First deinstall the openssl 0.9.8d than go to /usr/bin and form this catalog
delete openssl
after this install openssl form ports
Then try CA.pl (should works)
I did it on FreeBSD 6.0 release
regards
Maciej
Thanks Maciej!
I also deleted the openssl-dir in /usr/local -
just to be sure it was all gone...
Now it works.
Jeppe
Jeppe Bundsgaard wrote:
>
> I have just upgraded to FreeBSD 6.1 - hoping that it would solve the
> problem - but no...
> So I guess that even when reinstalling openssl the CA.pl-script
> remains the same - so how do I upgrade this script. Can I just find
> it on CVS and overwrite it?
> Jeppe
> At 09:05 18-12-2006, you wrote:
>>Which platform you're using? I tried openssl 0.9.8d in Fedora 3,
>>the same problem occurs.
>>Then I tried it on Cygwin (the same zip contents), everything work just
fine
>>
>>
>>-------- Original Message --------
>>Subject: Re:Creating CA problem
>>From: Jeppe Bundsgaard <[EMAIL PROTECTED]>
>>To: openssl-users@openssl.org
>>Date: Mon Dec 18 2006 05:02:34 GMT+0800
>>
>>>Hi
>>>I have the same problem. I have tried to deinstall and reinstall openssl
>>>(and manually deleting misc where CA.pl is located) - but I still get the
>>>error.
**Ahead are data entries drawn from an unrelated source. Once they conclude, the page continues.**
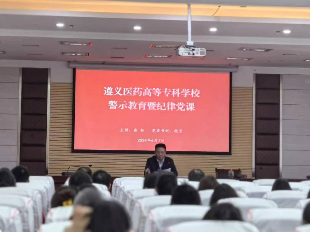 学校党政办党支部、纪委党支部、组织人事处党支部、计财处党支部、药学系党支部、临床系党支部、团委党支部100余名党员干部参加党课。开展党课之前,全体同志到贵州省黔北监狱接受警示教育,并认真学习了党纪学习教育有关反面典型案例。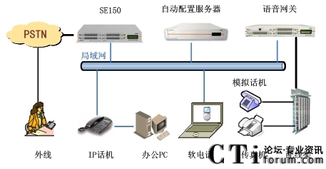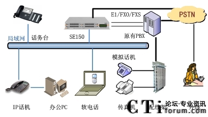 此方案適用于已經(jīng)部署了傳統(tǒng)PBX的企業(yè)。要求企業(yè)部署好數(shù)據(jù)網(wǎng)絡(luò),如果采用模擬終端,則企業(yè)的各個(gè)辦公點(diǎn)需要先將網(wǎng)絡(luò)線路和電話線路部署到位,同時(shí)企業(yè)原有的PBX要預(yù)留與SE150對接的接口。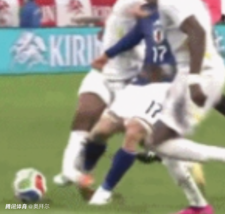 比赛的第50分钟,田中碧右脚射门,但一脚踢中试图解围的阿布的右脚,后者右脚疑似被踢断,在半空中就明显变形。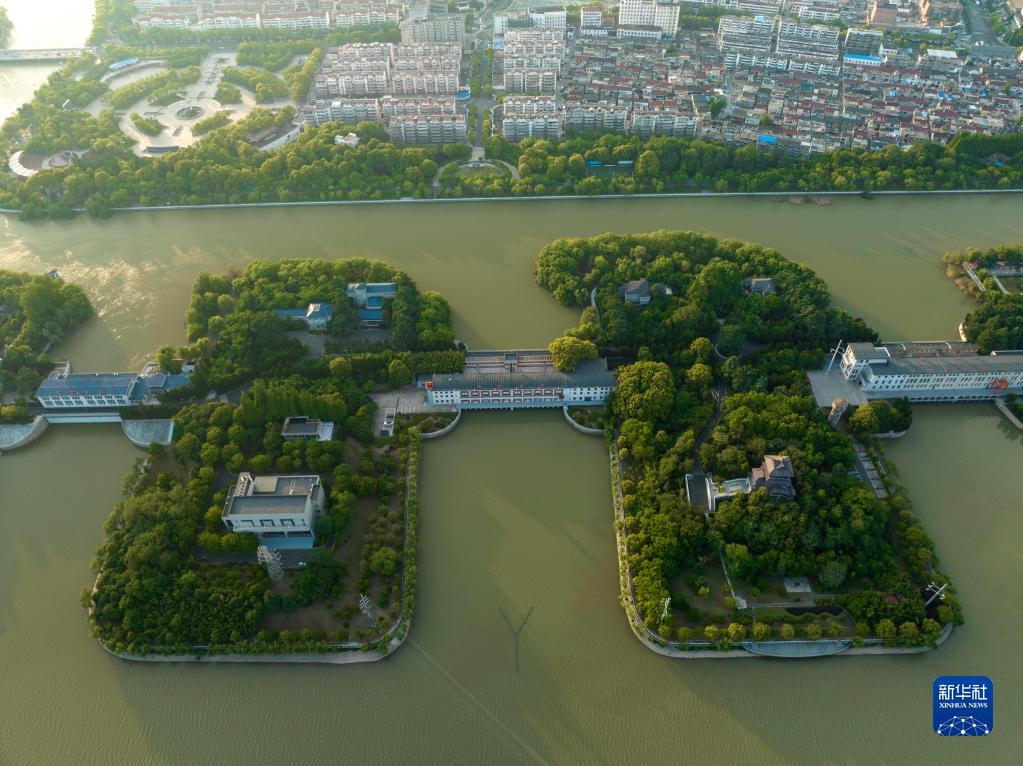 5月7日在江蘇省揚州市拍攝的江都水利樞紐(無(wú)人機照片)。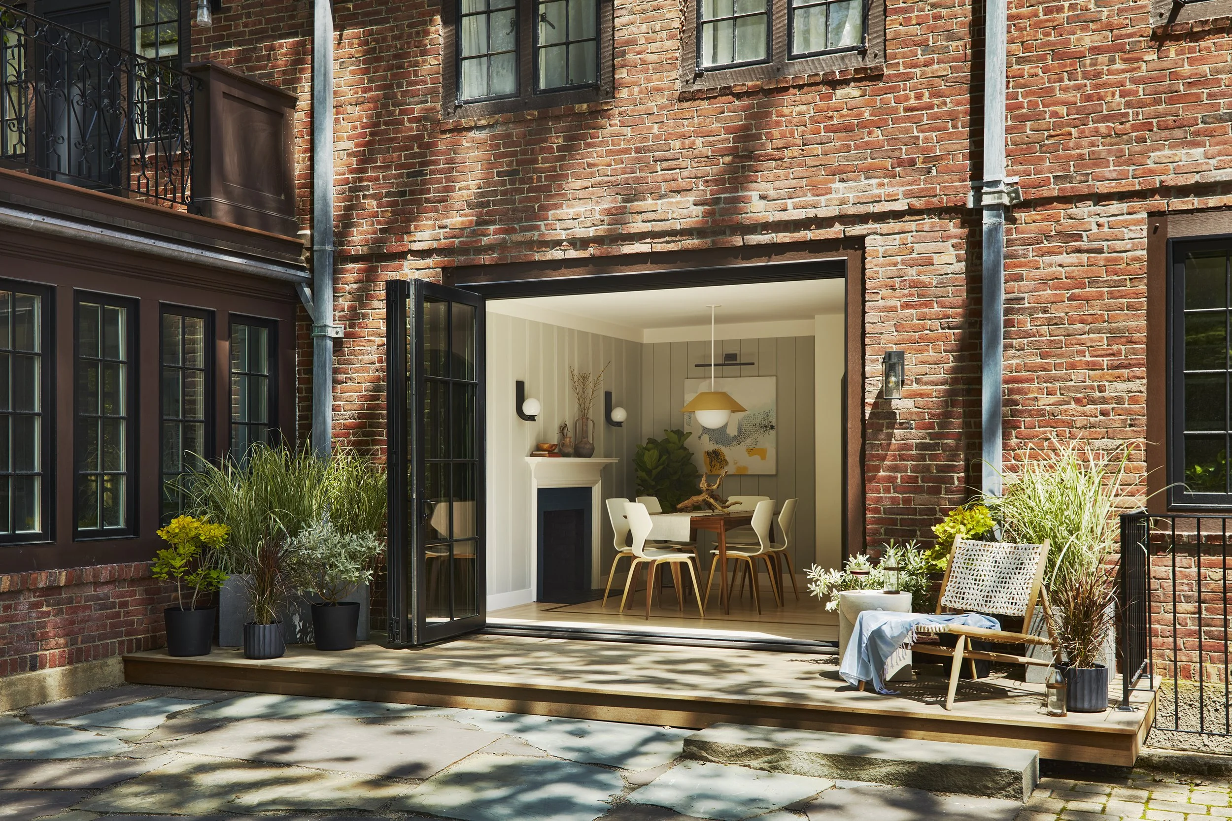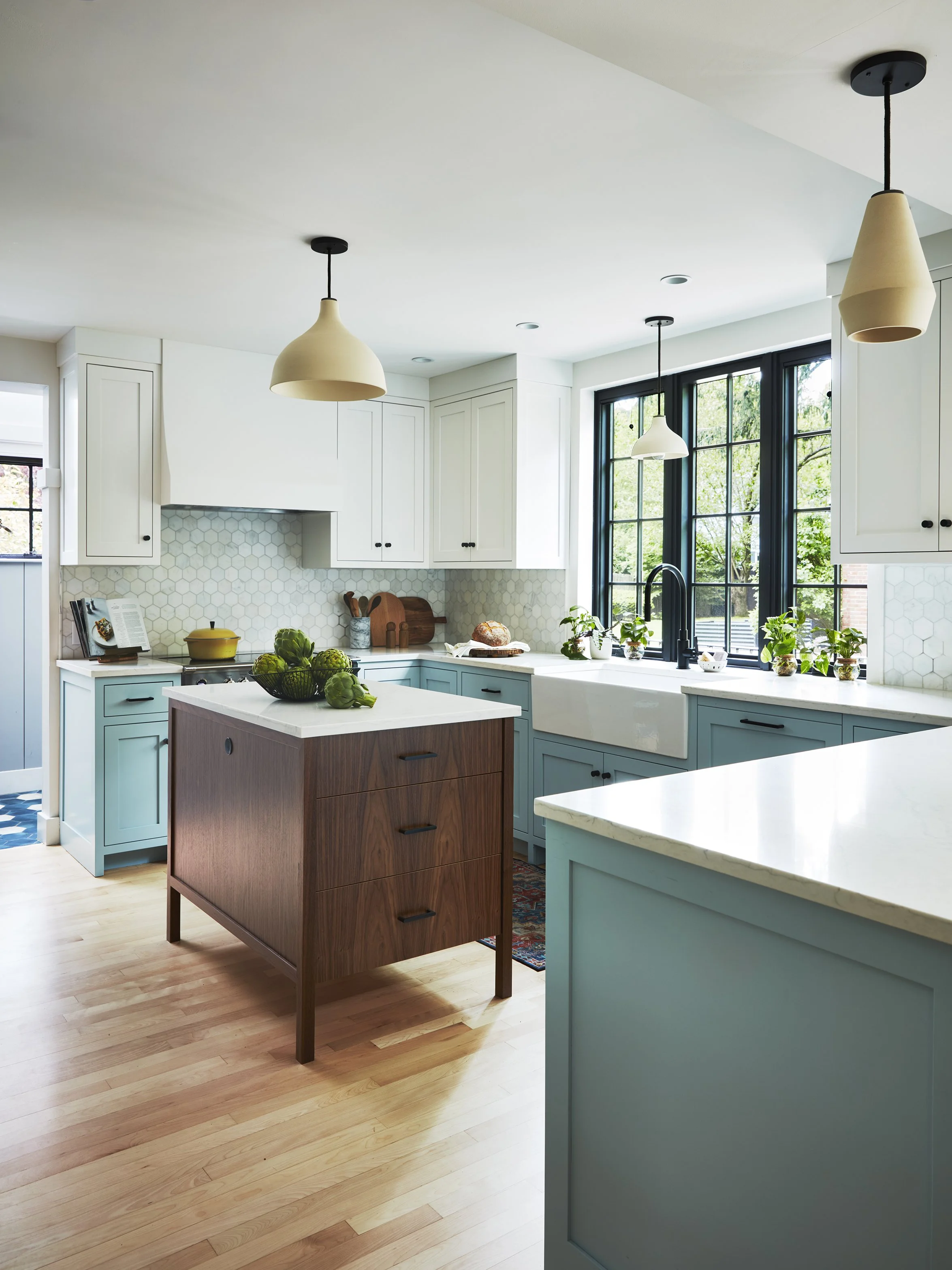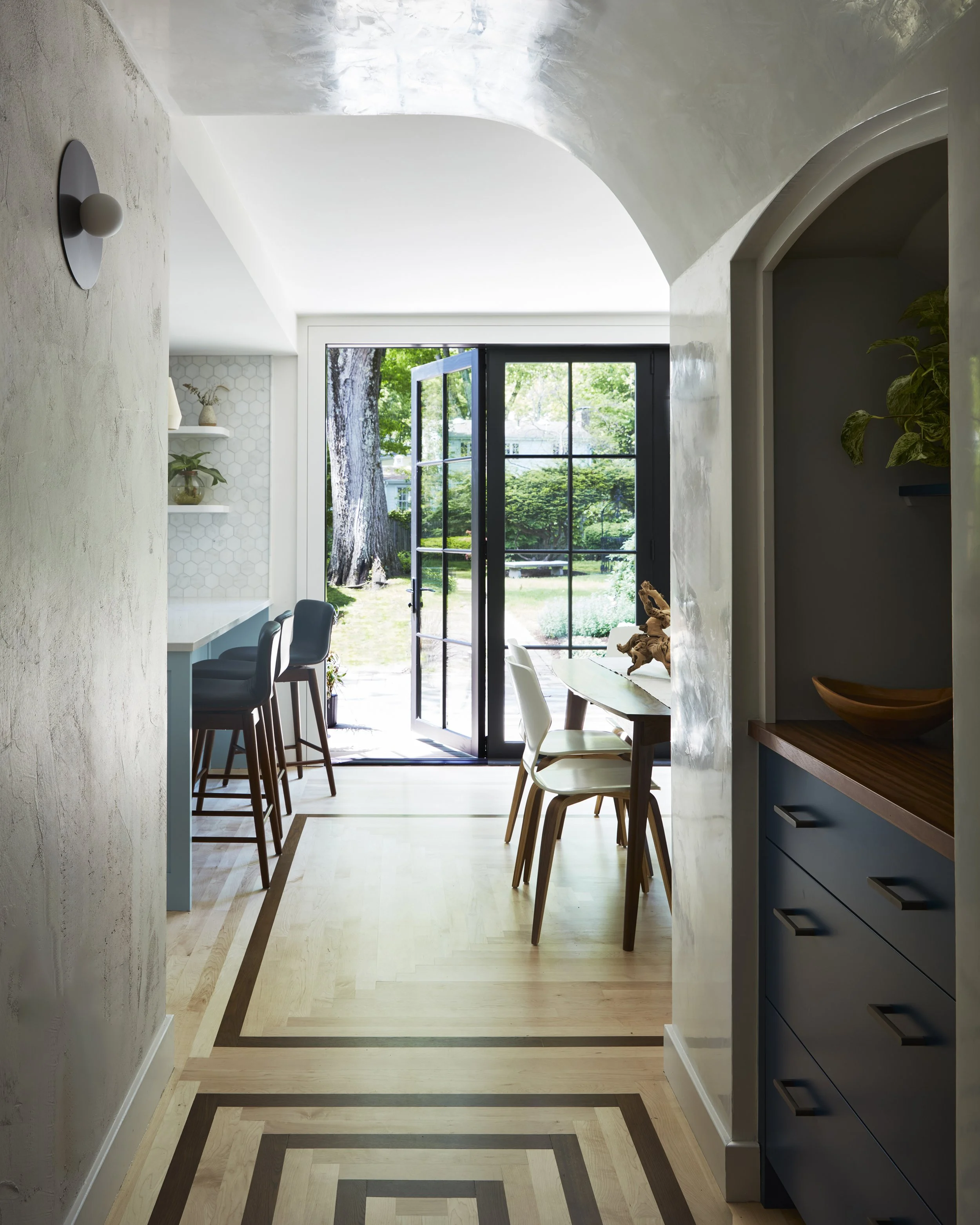 This 1929 Tudor style brick house was bought in 2022 by a young family looking to raise their two children in the city while enjoying the breadth of nature available in the Jamaica Plain neighborhood of Boston. While spacious, the house rigidly separated traditional work spaces like the kitchen and pantry from spaces of leisure, an arrangement that was at odds with this young family’s lifestyle. This renovation created a new sunny eat-in kitchen to serve as a nucleus for family activities while maximizing connections to the landscape oasis behind the home.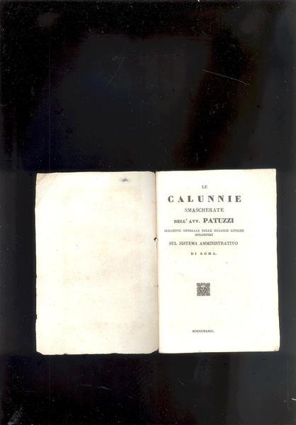 LE CALUNNIE SMASCHERATE DELL' AVV. PATUZZI SEDICENTE GENERALE DELLE GUARDIE CIVICHE BOLOGNESI SUL SISTEMA AMMINISTRATIVO DI ROMA.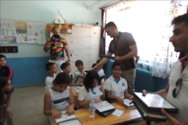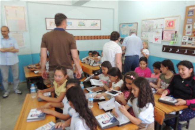 Sarı, 14 Haziran 2019 Cuma günü de Karşıyaka İlkokulu´ndaki üçüncü sınıf öğrencilerine tabletlerini dağıtacak. ÖNDER BALIKÇI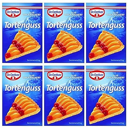 This item Dr Oetker Tortenguss Klar (Clear Cake Glaze ) 3 pack by Dr Oetker CDN$1359 (CDN$3775 / 100 g) In Stock Ships from and sold by mygermanstoreus. Dr Oetker Tortenguss rot Be the first to review this product £150 In stock SKU CB008 Cake glaze, red, 3 sachets Get ready for the strawberry season!. Preparation is simple and easy Just boil with sugar and your choice of fruit juice or water, let cool, and spoon over your desired dessert!.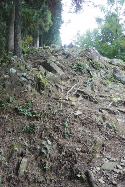 登山道に入り急坂を登り、やっと尾根に出たと思ったら、また急坂。岩がゴロゴロのところが少しだけあって、また急坂と結構大変でした。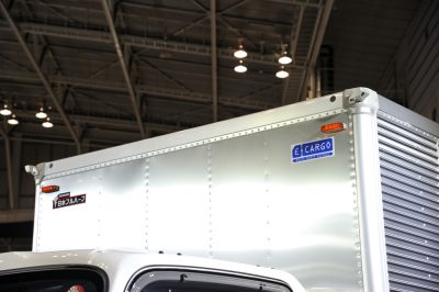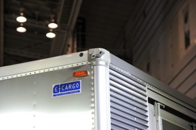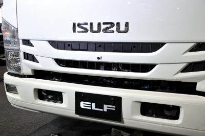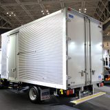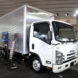 展示されていた2トン車のエルフは、いすゞ自動車の標準パネルトラックと呼べるE-CARGOの箱を載せたタイプだ。
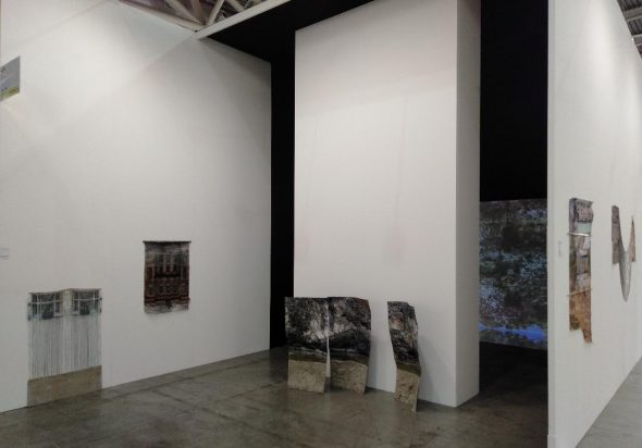 La francese Galerie Dix9 dedica l’intero stand a Leyla Cárdenas, stella nascente dell’arte colombina, che si fa portavoce dei cambiamenti del suo paese al di fuori dai confini nazionali. Le rovine architettoniche di Bogotà servono da incipit per un processo di decostruzione prima e ricostruzione poi, per salvare dall’oblio del tempo la storia e la memoria nazionale. Le grandi lamiere ricoperte di carta e i tessuti spioventi creano un’atmosfera immersiva in cui il visitatore può sperimentare la forza di fotografie che sembrano aver acquistato una terza dimensione.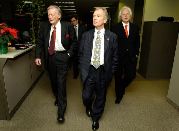 Woodbridge chairman Kenneth Thomson, Globe and Mail publisher Phillip Crawley and Bell GlobeMedia CEO Ivan Fecan walk through the Globe newsroom in 2005.Kevin Van Paassen/The Globe and Mail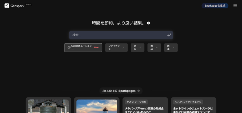 AIがリアルタイムで情報を統合し、「Sparkpage(スパークページ)」として提供することで、より正確で関連性の高い情報を即座に得られるのが特徴です。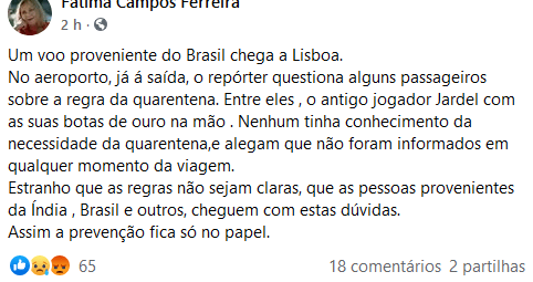 “Um voo proveniente do Brasil chega a Lisboa. No aeroporto, já á saída, o repórter questiona alguns passageiros sobre a regra da quarentena. Entre eles , o antigo jogador Jardel com as suas botas de ouro na mão . Nenhum tinha conhecimento da necessidade da quarentena,e alegam que não foram informados em qualquer momento da viagem. Estranho que as regras não sejam claras, que as pessoas provenientes da Índia , Brasil e outros, cheguem com estas dúvidas. Assim a prevenção fica só no papel.”, escreveu a jornalista

What shall I do to get the newer version of CA.pl?
>>>Regards
>>>Jeppe
>>>MaciekZ wrote:
>>>>Thx it works pretty fine now.
>>>>Thx for your help
>>>>
>>>>Best regards
>>>>Maciek
>>>>
>>>>MaciekZ wrote:
>>>>>Hello everyone :)
>>>>>
>>>>>I have a problem with creating CA with CA.pl script
>>>>>
>>>>>Whenever I run ./CA-.pl -newca everything works fine until the script
>>>>>displays unknown option -create_serial
>>>>>%cd /usr/local/openssl/misc/
>>>>>%./CA.pl -newca
>>>>>
>>>>>CA certificate filename (or enter to create)
>>>>>
>>>>>Making CA certificate ...
>>>>>Generating a 1024 bit RSA private key
>>>>>.........++++++
>>>>>........++++++
>>>>>writing new private key to './demoCA/private/cakey.pem'
>>>>>Enter PEM pass phrase:
>>>>>Verifying - Enter PEM pass phrase:
>>>>>-----
>>>>>You are about to be asked to enter information that will be
incorporated
>>>>>into your certificate request.
>>>>>What you are about to enter is what is called a Distinguished Name or a
>>>>>DN.
>>>>>There are quite a few fields but you can leave some blank
>>>>>For some fields there will be a default value,
>>>>>If you enter '.', the field will be left blank.
>>>>>-----
>>>>>Country Name (2 letter code) [AU]:PL
>>>>>State or Province Name (full name) [Some-State]:Slaskie
>>>>>Locality Name (eg, city) []:Katowice
>>>>>Organization Name (eg, company) [Internet Widgits Pty Ltd]:Dom
>>>>>Organizational Unit Name (eg, section) []:WR
>>>>>Common Name (eg, YOUR name) []:Maciek
>>>>>Email Address []:[EMAIL PROTECTED]
>>>>>
>>>>>Please enter the following 'extra' attributes
>>>>>to be sent with your certificate request
>>>>>A challenge password []:
>>>>>An optional company name []:
>>>>>unknown option -create_serial
>>>>>usage: ca args
>>>>>
>>>>> -verbose - Talk alot while doing things
>>>>> -config file - A config file
>>>>> -name arg - The particular CA definition to use
>>>>> -gencrl - Generate a new CRL
>>>>> -crldays days - Days is when the next CRL is due
>>>>> -crlhours hours - Hours is when the next CRL is due
>>>>> -startdate YYMMDDHHMMSSZ - certificate validity notBefore
>>>>> -enddate YYMMDDHHMMSSZ - certificate validity notAfter (overrides
>>>>>-days)
>>>>> -days arg - number of days to certify the certificate for
>>>>> -md arg - md to use, one of md2, md5, sha or sha1
>>>>> -policy arg - The CA 'policy' to support
>>>>> -keyfile arg - private key file
>>>>> -keyform arg - private key file format (PEM or ENGINE)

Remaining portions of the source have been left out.